Once into the medieval period, I spotted a lovely small cutout Christ on a cross, painted by Botticelli about 1500. The quote underneath said: "Best known for poetic mythologies but late in his career, under the influence of the puritanical religious reformer, Savonarola, he turned to highly expressive and often archaic religious themes." Hah! So much information captured in that one phrase that ties right back into my interest in Savonarola and his influences on artists of the Renaissance in Florence. Botticelli did indeed paint those lovely "Venus Rising From the Sea" type paintings that decorated the mansions of the rich Florence merchant-princes. Savonarola inspired the people with charismatic preaching of the risks of hell-fire and the need for repentence, protesting the rampant materialism of the rich. Botticelli burned some of his paintings in the now famous bonfire of vanities, where Renaissance paintings and books were heaped up and burned. Savonarola's reward? After ruling for two years: to be hung and burned at the stake in the main piazza of Florence. The impact on Botticelli? Mysterious paintings coded with Savonarola's ideas about God, heaven and redemption. And maybe fewer ethereal mythological maidens. One of the museum notes called the Renaissance, "a balance between divinity and humanity."

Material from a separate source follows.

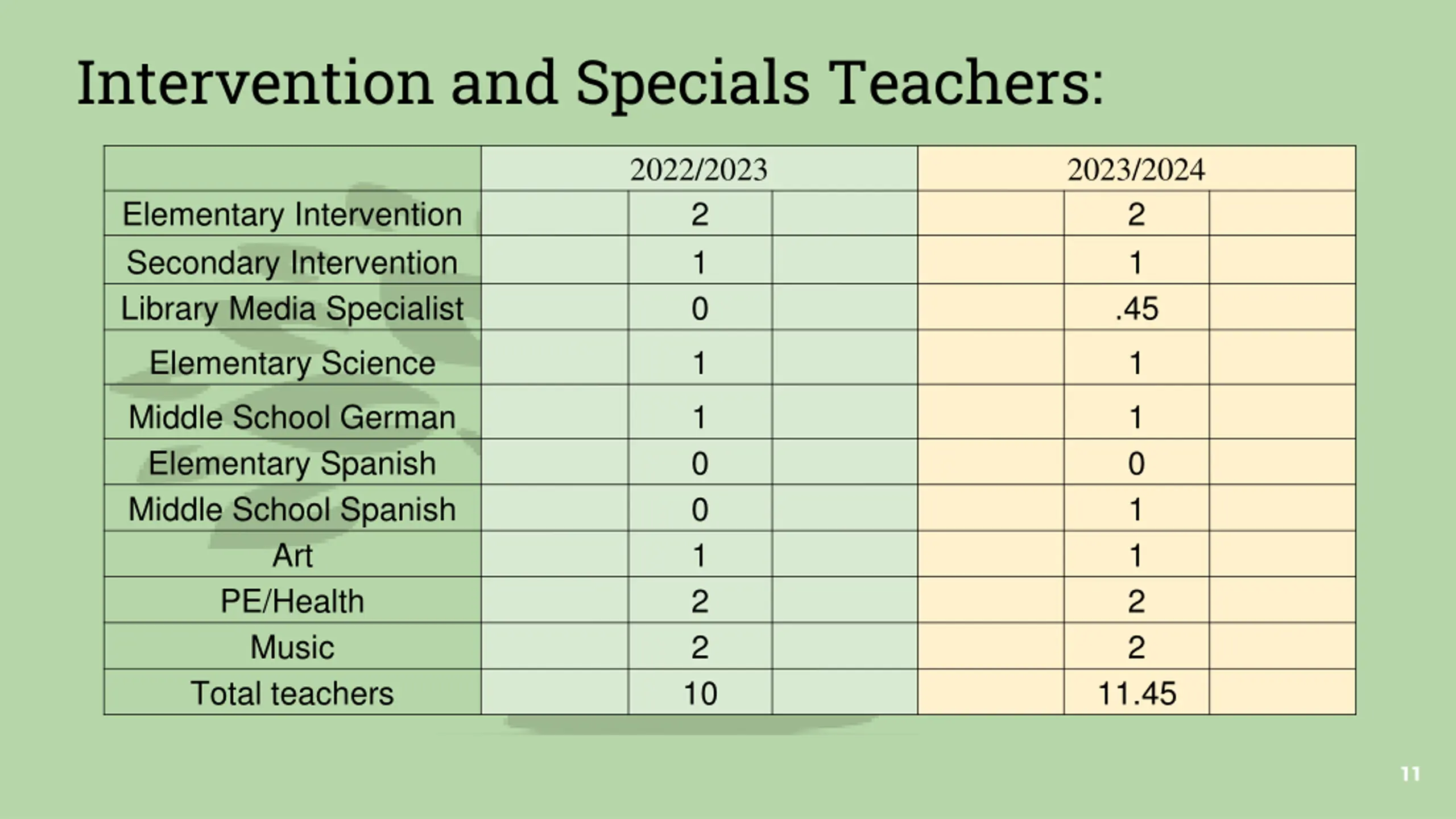 Intervention and Specials Teachers: 2022/2023 2 1 0 2023/2024 2 1 .45 Elementary Intervention Secondary Intervention Library Media Specialist Elementary Science 1 1 Middle School German Elementary Spanish Middle School Spanish Art PE/Health Music Total teachers 1 0 0 1 2 2 10 1 0 1 1 2 2 11.45 11

The other exhibition-stopping moment for me was the wonderful comparison between two painters to show the essential conflict between realism and rationalism during the Baroque. Caravaggio (1511-1610) was much more influential than I thought in the Northern Renaissance. According to museum notes, realism exploded out of Rome about 1610, and swept through Italy, Spain, France and the Netherlands. Here, the Portland Art Museum compares side-by-side Dutch Caravaggist Gerrit Von Horthorst, "Liberation of St. Peter" (1620-1630) with the classical painting of "Mercury and Herse" (1650) by Thomas Blanchet. Both paintings are rather large, but not monumental. But the "Liberation of Peter" is personal, intimate, a dramatic focus on Peter in jail with light pouring in from the right, his face anguished. Blanchet's painting is almost a paint-by-number architectural rendering with small angels appearing to drift across the sky, almost pulled on strings. Realism (the power of the individual emotion, how what people feel strongly motivates them to action) versus classicism (the power of rationality, how what people think causes them to arrange reality).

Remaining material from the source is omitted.